The secret weapon of this movie is Telly Savalas as Captain Kazan, who does not have nearly enough screentime. The ghoul alien is easily defeated but soon it is body snatching and stealing the knowledge it needs to build a spaceship off of Earth. Nobody knows who the creature might be, until Kazan, this swaggering Cossack that marches onto stage late in the third act. Without any real knowledge of what is going on, takes control of the situation. Savalas is gigantic in this role, he swallows the frame whole with his cocky humor and magnificent red costume. (Everybody is dressed great in this movie, gotta love Christopher Lee's dashing mustache paired with a fur hat.) Kazan by pure instinct guesses who the alien is, which creepy Rasputin-like character is helping him, and how to solve the situation: guns. Well, it almost works, unfortunately the alien has vampiric super hypnosis powers so one look in the eyes and you're done.
The editing on the monster attacks is fun. There's a lot of cutting to the train zooming by in terrible speed to imply the violence we cannot see. By the end with Christopher Lee fighting off dozens of zombies in a tight corridor the editing just becomes a frenetic mess of random shots. But did you really expect some Hong Kong-level action here? If you want that in a Hammer Horror-esque film, you need to see The Legend of the 7 Golden Vampires.

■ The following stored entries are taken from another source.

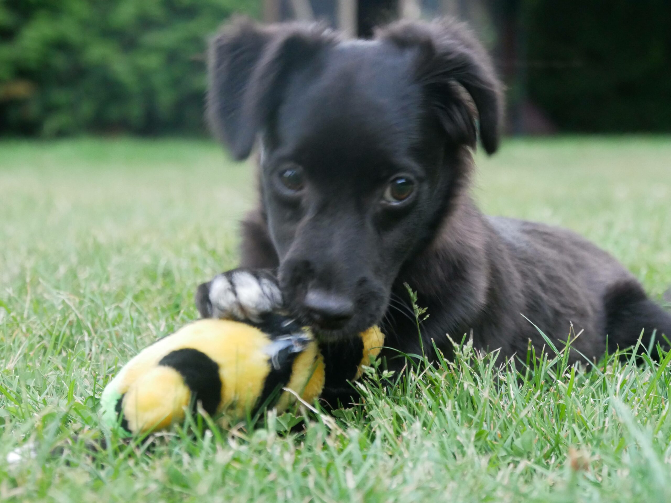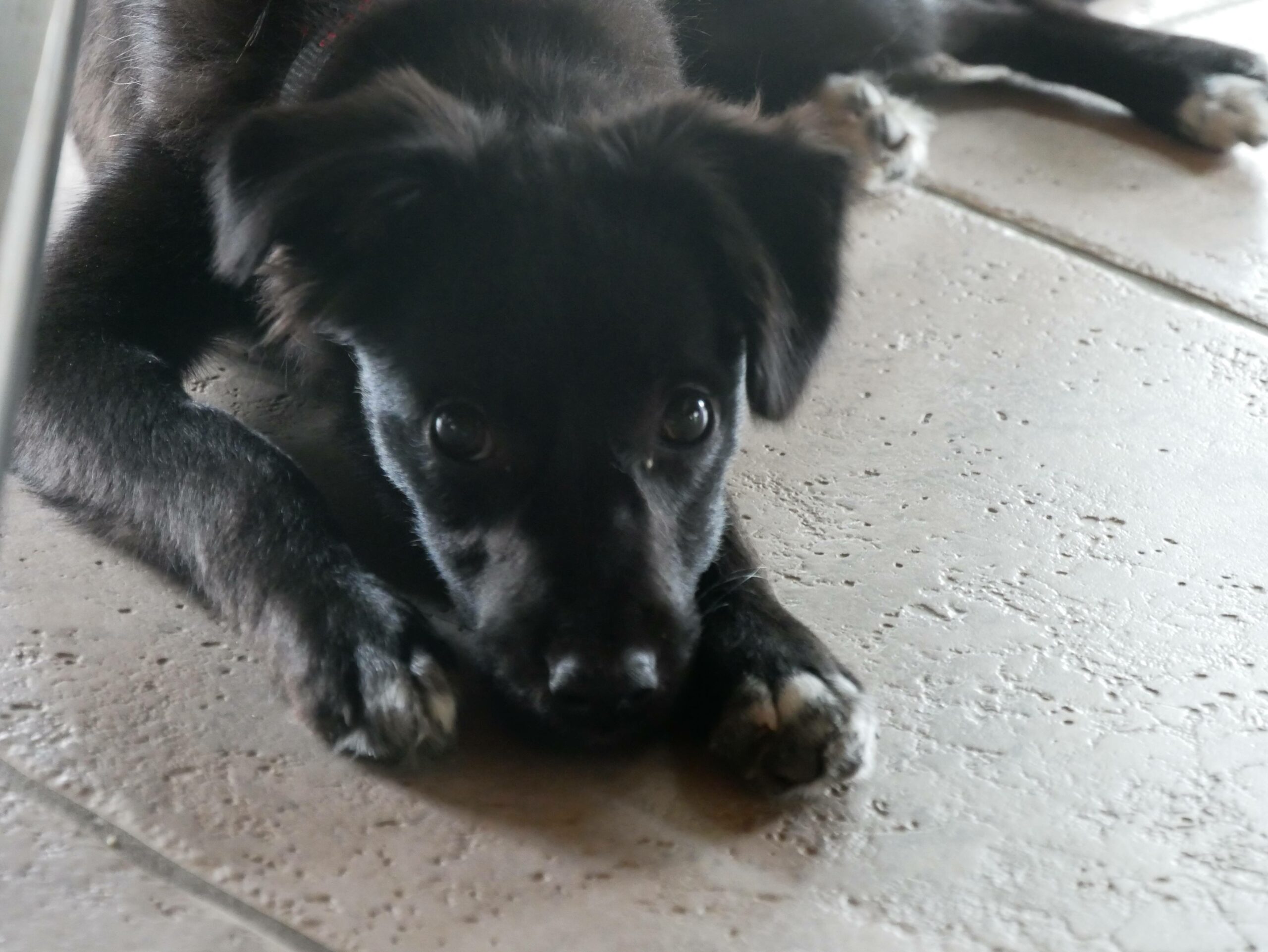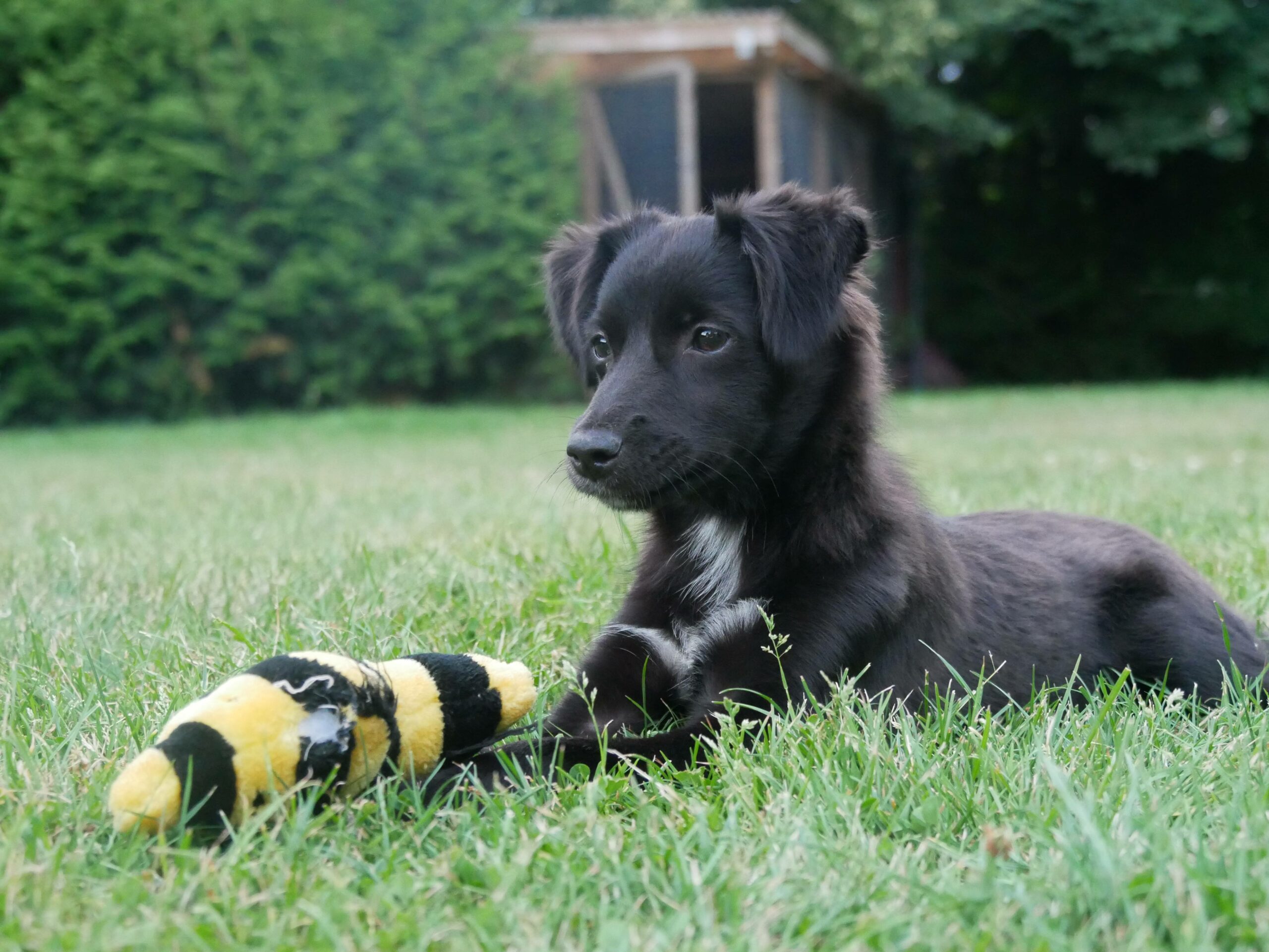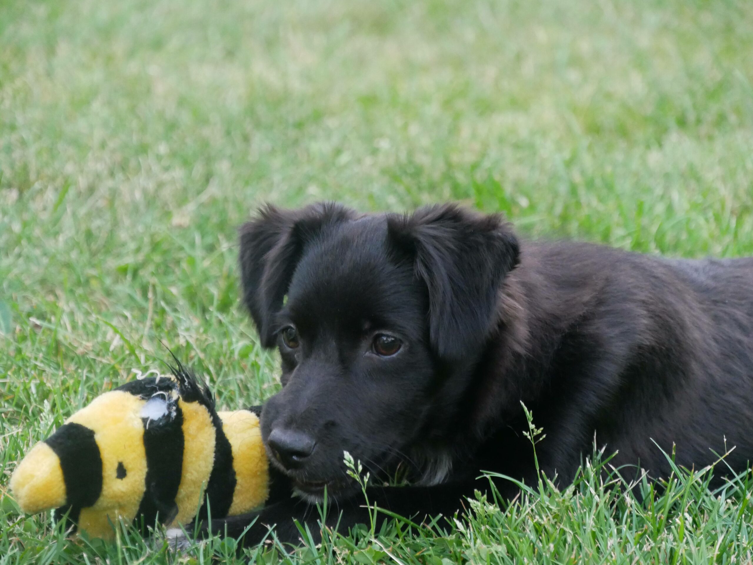 Hier bei uns zeigt sie sich jetzt als fröhliches kleines Mädchen, welches ausgelassen durch den Garten tobt, gerne auch wieder reinkommt, die Körbchen und andere weiche Plätze zu schätzen weiß, Nachts durchschläft und ihre Geschäfte draußen verrichtet. Sie kommt auf Zuruf und spielt gerne mit einem Plüschi oder Bällchen und zeigt Ansätze vom Apportieren, so dass wir uns das gut als spätere Lieblingsbeschäftigung von ihr vorstellen können.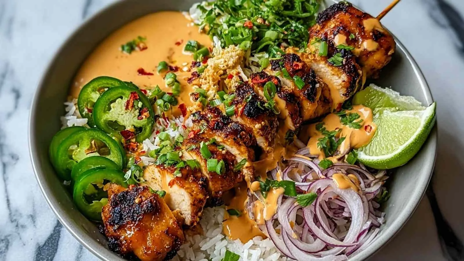 Sweet Chili Chicken Bowl with Coconut Lime Drizzle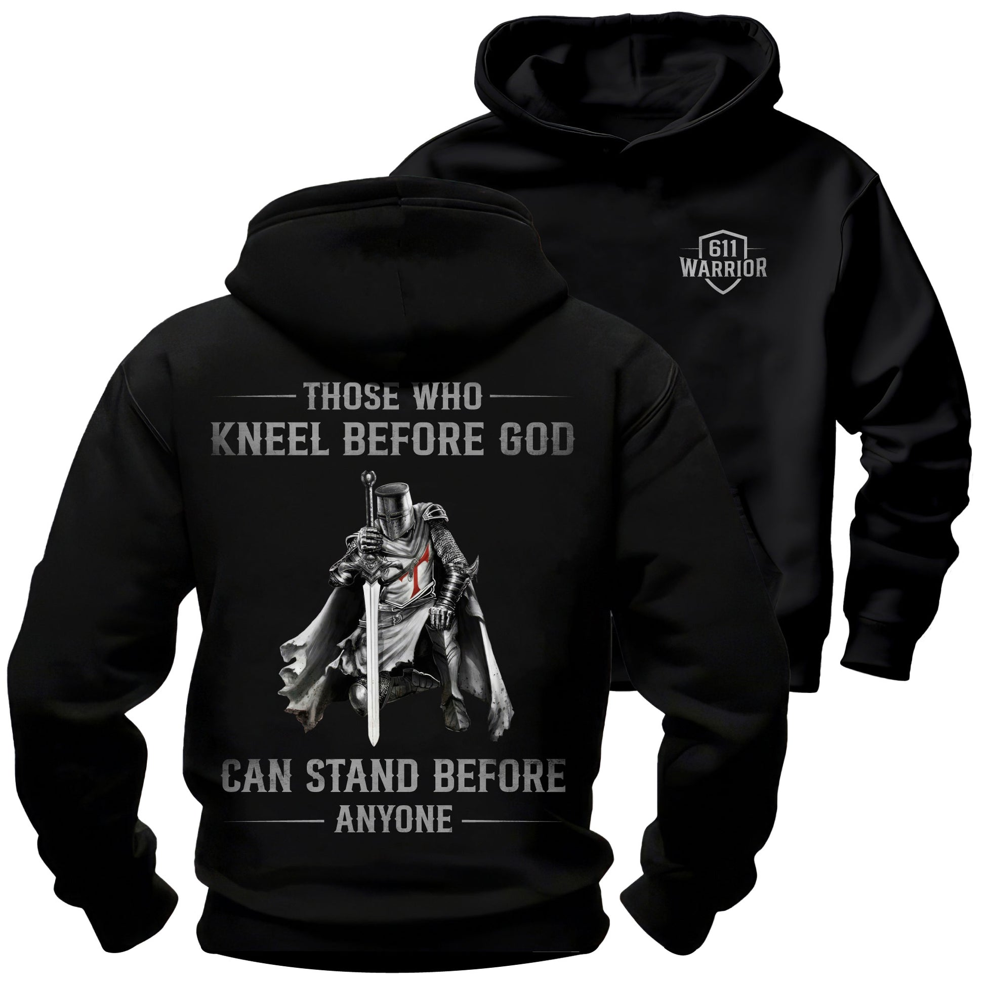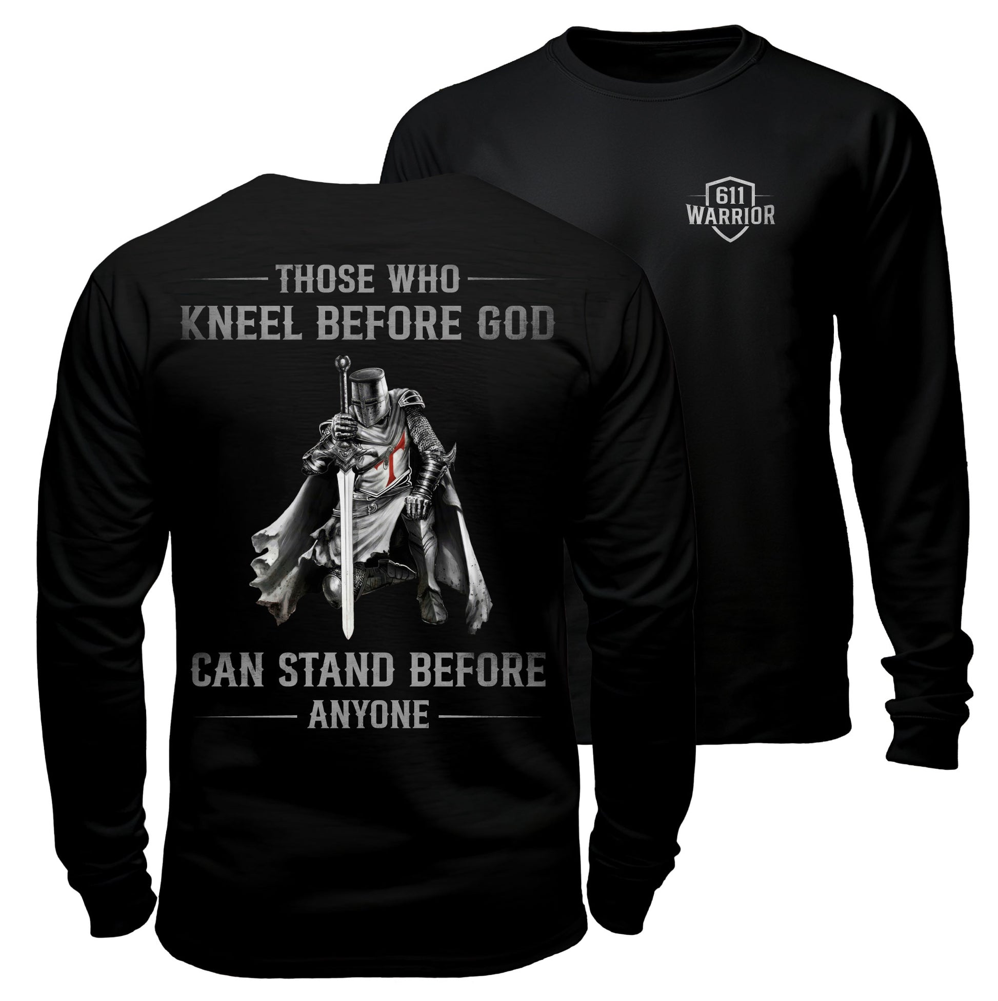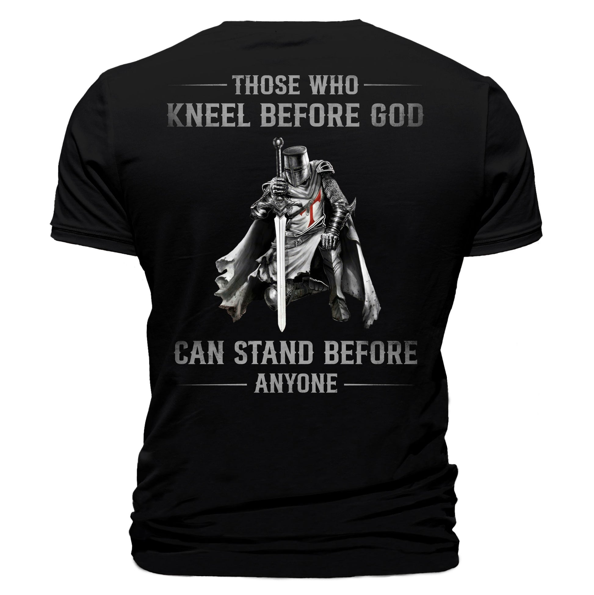 This bold design features a kneeling warrior knight, framing the truth that real strength starts on our knees and stands tall against any challenge. This graphic tee is built for warriors who live with conviction and courage. Available as a t-shirt, long sleeve shirt, or hoodie.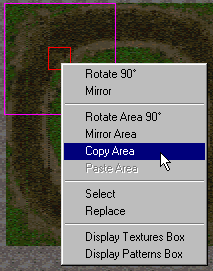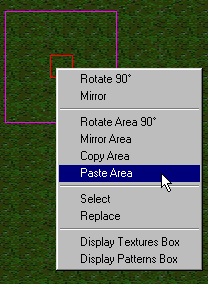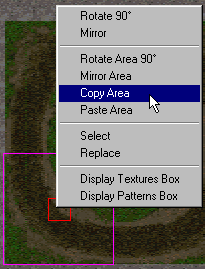 You will have to adjust the size of the "paint mode" area to fit the size of the sections you are copying and pasting. For example, straights, corners, and other ground accouterment. You will probably have to re-save the location using the Menu/Navigation/Save Location or F2 to make your return more exact as you add to your track. After a significant amount of track has been put in place, you can actually use your track as a template too. That is, you can copy and paste areas from nearby sections of your track instead of going back and forth between the template and your track. Rotate Area 90 degrees & Mirror Area These features work exactly the same as they do for a single texture, except that you can now rotate and mirror areas up to 16x16 grid squares in size. See Arranging Textures for details on single texture rotate and mirror.. The only note worthy exception that I can think of is that you might want to make sure you are working with "square" areas when you use the "rotate" feature. For example, a paint mode area of 5x5 or 3x3 is preferable to 5x3 or 2x4.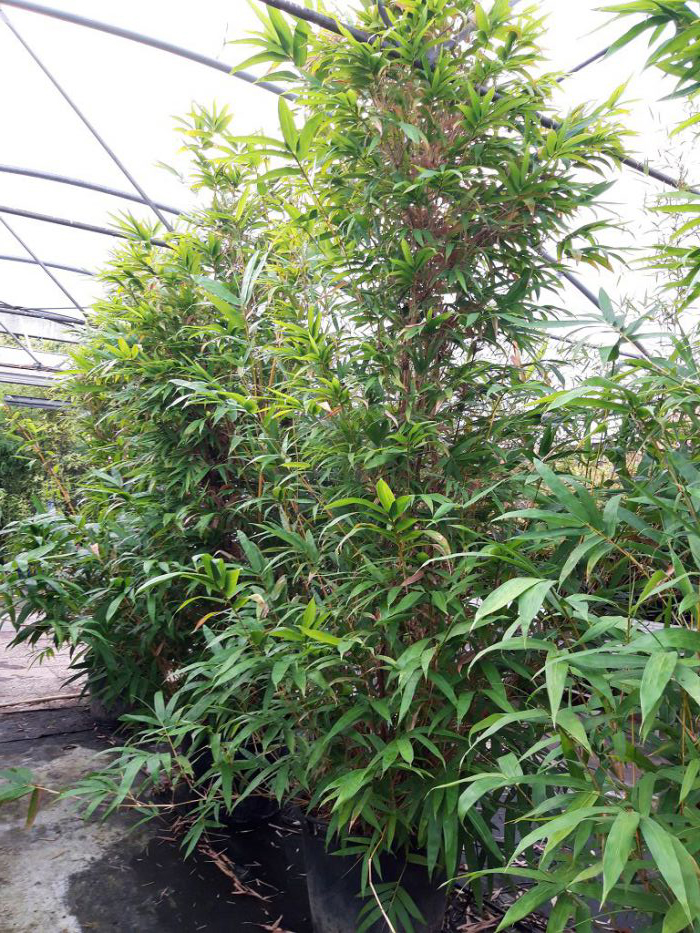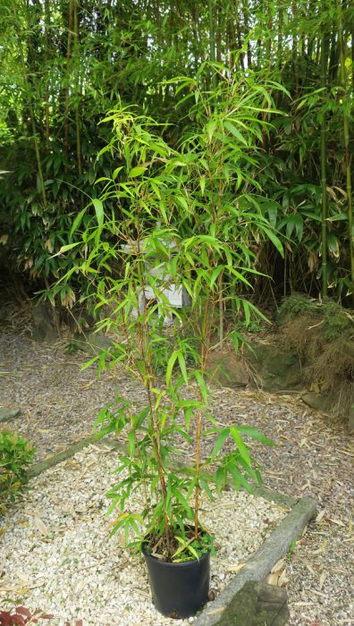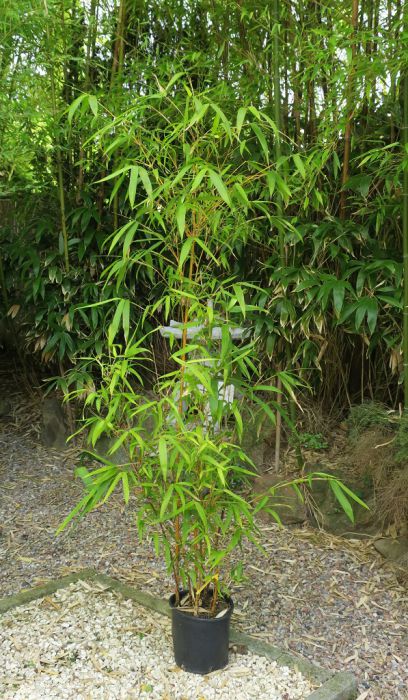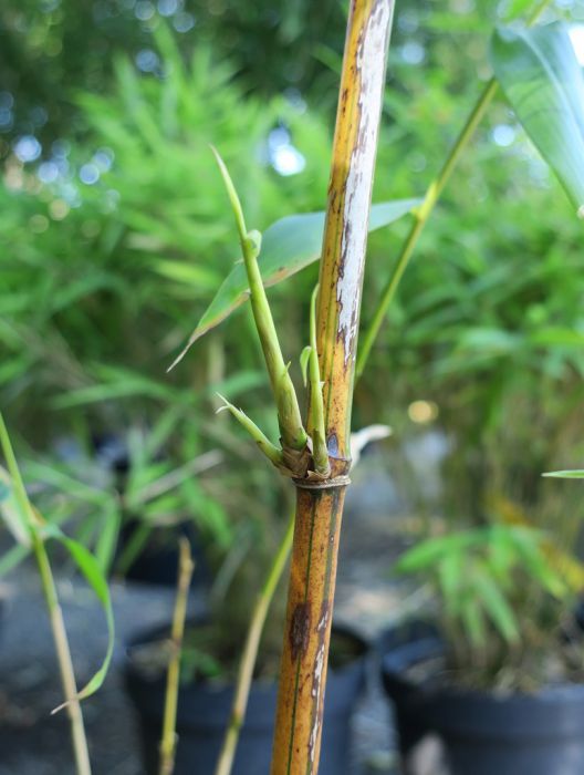 Mit dem ausladenden Wuchs, großen Blättern und kräftigen Halmen einer der beliebtesten Bambusa. Die gelben Halme mit unregelmäßigen grünen Streifen treiben im Sommer farbenfroh aus und können bei ausreichend Platz und guten Bedingungen auch im Kübel recht große Durchmesser haben.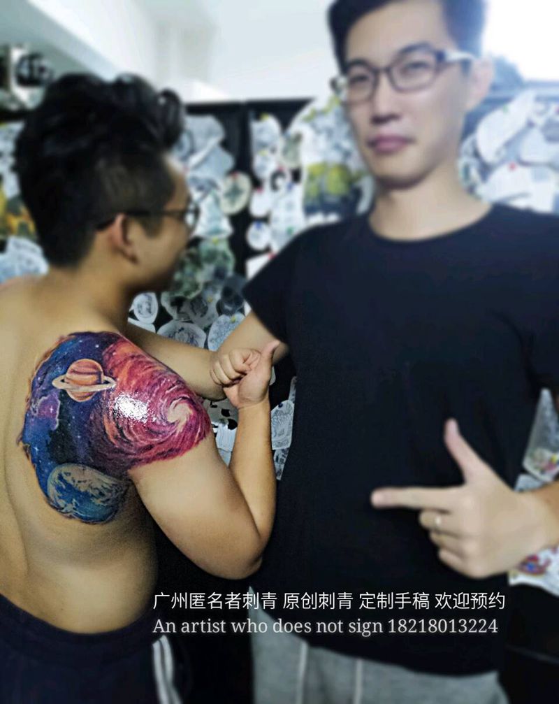 广州匿名者刺青 定制幻彩星云纹身图片_肩部背部手臂欧美写实原创广州宇宙星云成品手稿纹身图案
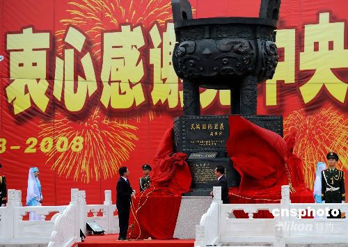 9月22日,中共中央政治局常委、中央紀委書記賀國強(左),與寧夏回族自治區黨委書記陳建國,一同為中央贈送寧夏的民族團結寶鼎揭幕。當日上午,以賀國強為團長的中央代表團乘專機抵達銀川,參加寧夏回族自治區成立50周年慶祝活動。中新社發 廖攀 攝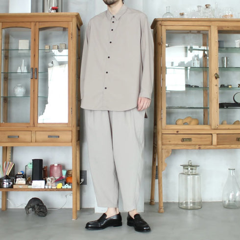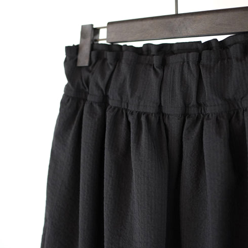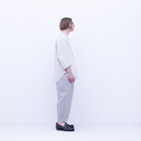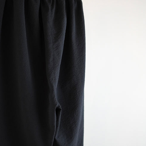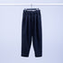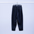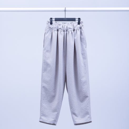 Gathered tapered pants, front and back side seam pockets, elastic waistband and drawstring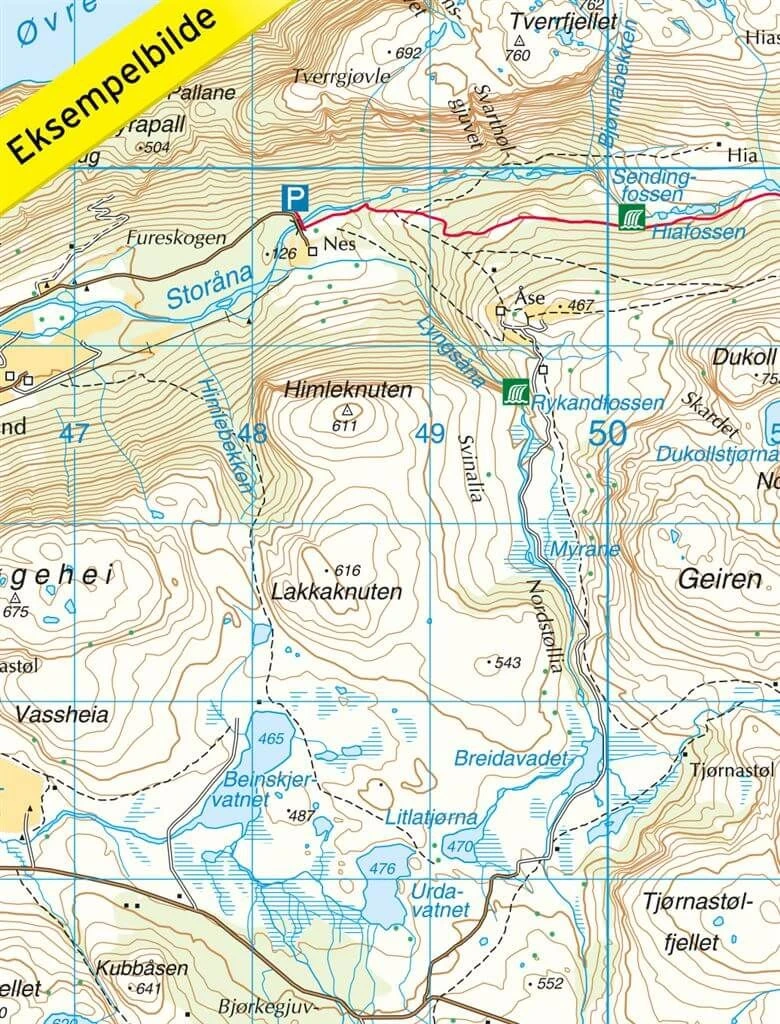 Detaillierte Wanderkarte fĂĽr Hjelmelandsheiane in Norwegen im MaĂźstab 1:50.000 von Nordeca.

Ultimately Horror Express is a really fun movie. This is a wonderful movie to have on your personal trophy case of "wonderful things I can say I've seen". "I've seen Christopher Lee and his best friend Peter Cushing fight an alien mummy on a train" - don't you want to be able to tell people that? I can run out of time on a pouring roof top at the moment of my death and tell Deckard "I've seen things you people wouldn't believe" then recount the plot of this movie. That's why genre movies are special.